--- START ---

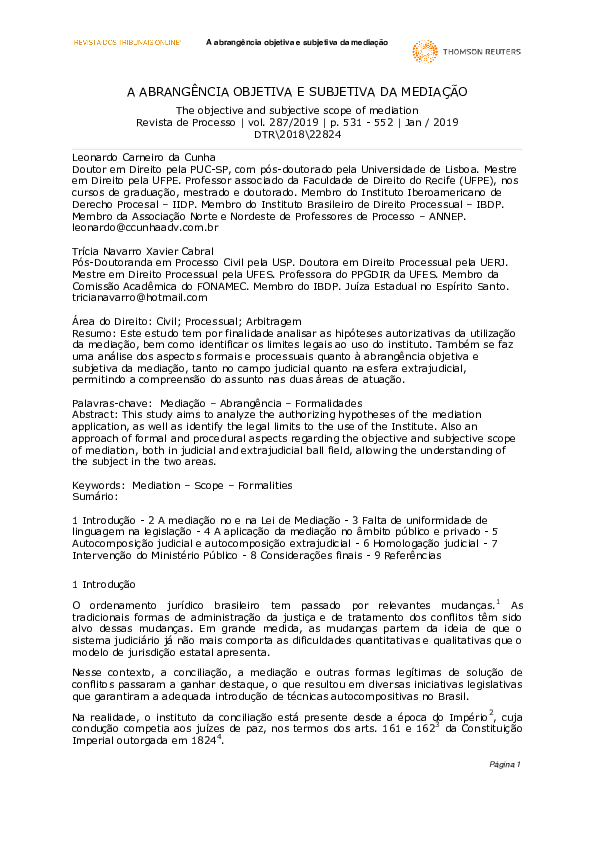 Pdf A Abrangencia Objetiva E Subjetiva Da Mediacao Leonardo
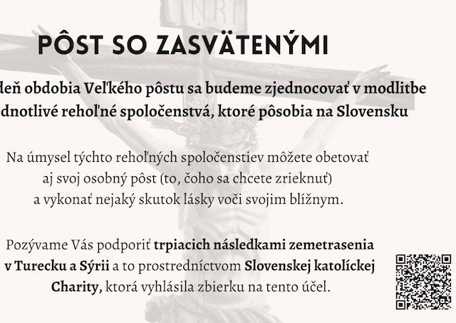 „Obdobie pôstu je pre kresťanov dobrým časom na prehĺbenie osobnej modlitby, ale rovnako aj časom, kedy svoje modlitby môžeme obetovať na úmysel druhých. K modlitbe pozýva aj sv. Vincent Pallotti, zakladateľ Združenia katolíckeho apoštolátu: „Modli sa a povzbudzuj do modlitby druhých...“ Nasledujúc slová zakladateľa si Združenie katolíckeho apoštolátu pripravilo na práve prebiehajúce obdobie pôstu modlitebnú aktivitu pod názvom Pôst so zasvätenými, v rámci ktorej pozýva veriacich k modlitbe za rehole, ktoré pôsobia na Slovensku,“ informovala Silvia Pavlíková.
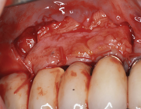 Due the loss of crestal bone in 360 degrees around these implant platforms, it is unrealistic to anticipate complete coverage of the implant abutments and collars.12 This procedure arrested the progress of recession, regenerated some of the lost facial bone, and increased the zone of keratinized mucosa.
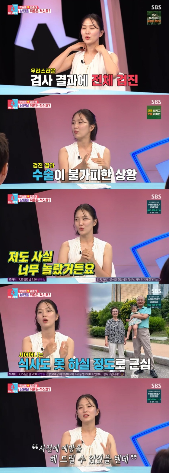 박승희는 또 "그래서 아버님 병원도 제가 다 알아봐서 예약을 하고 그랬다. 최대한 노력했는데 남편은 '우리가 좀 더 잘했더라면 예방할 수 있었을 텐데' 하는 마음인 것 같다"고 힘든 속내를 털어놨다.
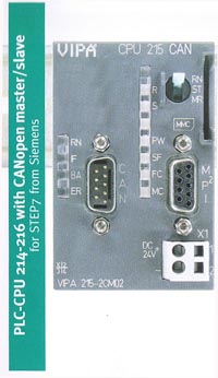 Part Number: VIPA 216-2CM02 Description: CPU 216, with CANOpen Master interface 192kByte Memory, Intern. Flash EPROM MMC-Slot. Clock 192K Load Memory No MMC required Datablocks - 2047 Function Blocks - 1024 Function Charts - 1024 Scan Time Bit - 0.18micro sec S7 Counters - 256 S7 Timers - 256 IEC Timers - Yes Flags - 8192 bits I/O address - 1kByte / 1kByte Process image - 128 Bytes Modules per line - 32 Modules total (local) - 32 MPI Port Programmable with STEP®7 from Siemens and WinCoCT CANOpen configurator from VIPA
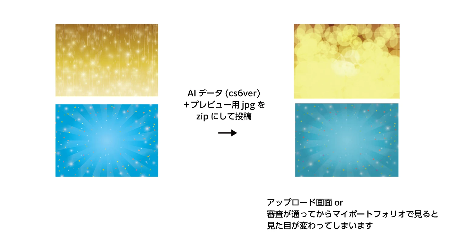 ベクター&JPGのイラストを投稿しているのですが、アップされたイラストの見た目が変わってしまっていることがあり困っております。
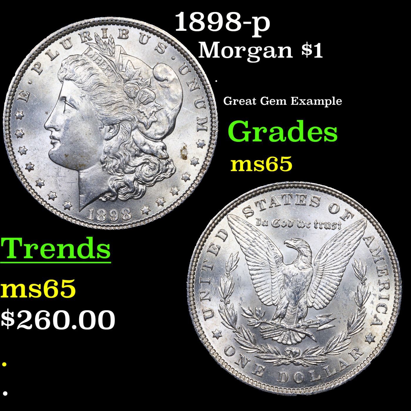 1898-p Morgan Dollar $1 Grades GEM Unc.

--- END ---

→ EXERCISE BRIEF: Pictures excluded, quote all the data above exactly.

→ OUTPUT BELOW:
 Pdf A Abrangencia Objetiva E Subjetiva Da Mediacao Leonardo
 „Obdobie pôstu je pre kresťanov dobrým časom na prehĺbenie osobnej modlitby, ale rovnako aj časom, kedy svoje modlitby môžeme obetovať na úmysel druhých. K modlitbe pozýva aj sv. Vincent Pallotti, zakladateľ Združenia katolíckeho apoštolátu: „Modli sa a povzbudzuj do modlitby druhých...“ Nasledujúc slová zakladateľa si Združenie katolíckeho apoštolátu pripravilo na práve prebiehajúce obdobie pôstu modlitebnú aktivitu pod názvom Pôst so zasvätenými, v rámci ktorej pozýva veriacich k modlitbe za rehole, ktoré pôsobia na Slovensku,“ informovala Silvia Pavlíková.
 Due the loss of crestal bone in 360 degrees around these implant platforms, it is unrealistic to anticipate complete coverage of the implant abutments and collars.12 This procedure arrested the progress of recession, regenerated some of the lost facial bone, and increased the zone of keratinized mucosa.
 박승희는 또 "그래서 아버님 병원도 제가 다 알아봐서 예약을 하고 그랬다. 최대한 노력했는데 남편은 '우리가 좀 더 잘했더라면 예방할 수 있었을 텐데' 하는 마음인 것 같다"고 힘든 속내를 털어놨다.
 Part Number: VIPA 216-2CM02 Description: CPU 216, with CANOpen Master interface 192kByte Memory, Intern. Flash EPROM MMC-Slot. Clock 192K Load Memory No MMC required Datablocks - 2047 Function Blocks - 1024 Function Charts - 1024 Scan Time Bit - 0.18micro sec S7 Counters - 256 S7 Timers - 256 IEC Timers - Yes Flags - 8192 bits I/O address - 1kByte / 1kByte Process image - 128 Bytes Modules per line - 32 Modules total (local) - 32 MPI Port Programmable with STEP®7 from Siemens and WinCoCT CANOpen configurator from VIPA
 ベクター&JPGのイラストを投稿しているのですが、アップされたイラストの見た目が変わってしまっていることがあり困っております。
 1898-p Morgan Dollar $1 Grades GEM Unc.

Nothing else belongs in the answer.